If all you care about is classification, and you don’t mind tuning a
few hyperparameters, and your data sets are reasonably large, and you
don’t have any useful domain knowledge, then you’ll probably be happy
about using SVMs for everything. These assumptions seem to characterize a lot of research in learning, and, as a consequence,
applications of learning. However, I think this is an artificially
limiting view.
Bayesian methods really shine when those assumptions don’t hold, and
Bayesian methods are routinely used in situations where non-Bayesians
would never dare venture. These are cases where, for example,
measurements are ambiguous/noisy, you have valuable domain knowledge,
multiple types of measurements, unknown hyperparameters, and so on.
For example, in one project I’ve worked on, we
simultaneously inferred 3D motion of non-rigid objects from noisy
video sequences with outliers. This is a case with many types of
hidden variables, which all have complex interactions with each other,
and are all very, very difficult to tune by hand. Moreover, we did
not have any relevant training data — learning and inference are all
done at the same time for each new input. I have no idea how this
could possibly be done in a non-Bayesian context and still be
automatic.
Incidentally, I’ve observed that most people outside of
learning who want to use learning methods would like a magic black box
that solves all learning problems (and vaguely feel like they’ve been
promised this). So this is certainly what people want, and I’ve read
plenty of papers in which one step of the system is an invocation of
SVMlight or AdaBoost. I believe that the algorithm that
solves all learning problems does not exist, but that methods like
SVMs and GPs can be applied to many problems. I also think it does a
disservice to focus entirely on universal systems, since you can get
so much mileage out of building domain-specific models (such as the
example I described above).
My impression is that coping with noise is not too difficult for non-Bayesian learning algorithms. The real key where Bayesian methods can greatly shine is when there is very strong domain knowledge.

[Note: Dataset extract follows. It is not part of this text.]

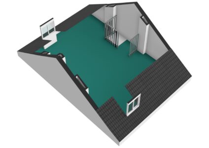 – Open zolderruimte met opstelplaats voor de c.v-combiketel (2017). De ruimte (ca. 5.78 m x 8.00 m) is nog vrij in te delen, momenteel in gebruik als logeerkamer.
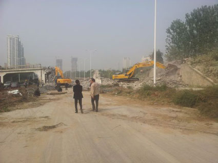 图三:洞山东路铁路桥拆除时的情景。

Perhaps I’m a radical here, but I believe there is a black box learning algorithm that can solve most of the learning problems I care about. (“all” is clearly too much to hope for) The algorithm’s name might even be Aaron Hertzmann.
… which, of course, is Bayesian. 🙂
Seriously, whether a universal algorithm exists is a fascinating question, and I think the “superprior” approach is one plausible solution. I’m skeptical that a “universal” algorithm could exist in the way we use learning algorithms today, namely, on relatively small data sets. Humans, use tremendous amount of contextual information. So, you can do inference on a single datapoint, e.g., make inferences about someone’s personality from a short conversation, but you have lots and lots of contextual information that tells you what the data means, and you’ve also been observing humans all your life.
Bayes’theorem and other learning models have been derived as solutions to information theoretic optimization problems and are 100% efficient in the sense that input information equals output information for each learning model. See my 1988 American Statistician article,”Optimal Information Processing and Bayes’ Theorem” vol.42, No. 4, pp. 278-294, for my derivation of Bayes’theorem as an optimal information processing rule with discussion by Jaynes, Kullback, Hill and Bernardo. In later published articles, other optimal learning models have been derived and applied, some not requiring the use of a prior density and/or a likelihood function. Recent papers on this topic and references to earlier published papers can be found on my home page: http://gsbwww.uchicago.edu/fac/arnold.zellner/more
In particular see Sect.IV of my 2005 paper,”Some Thoughts about S.James Press and Bayesian Analysis” that can be downloaded and will be published.
Happy holidays and the best of the best New Year!
(Note new e-mail address)
advantages and disadvantages in pure binary
Zellners’s argument re: Bayes’ theorem are enlightening. His assumptions are primitive, and thus difficult to refute. The way Bayes’ theorem(and other learning theorems – these results will surprise some Bayesians) falls out of his use of variational optimization of net information loss is beautiful. These papers are well worth reading.
From a brief skim, that’s not a bad article.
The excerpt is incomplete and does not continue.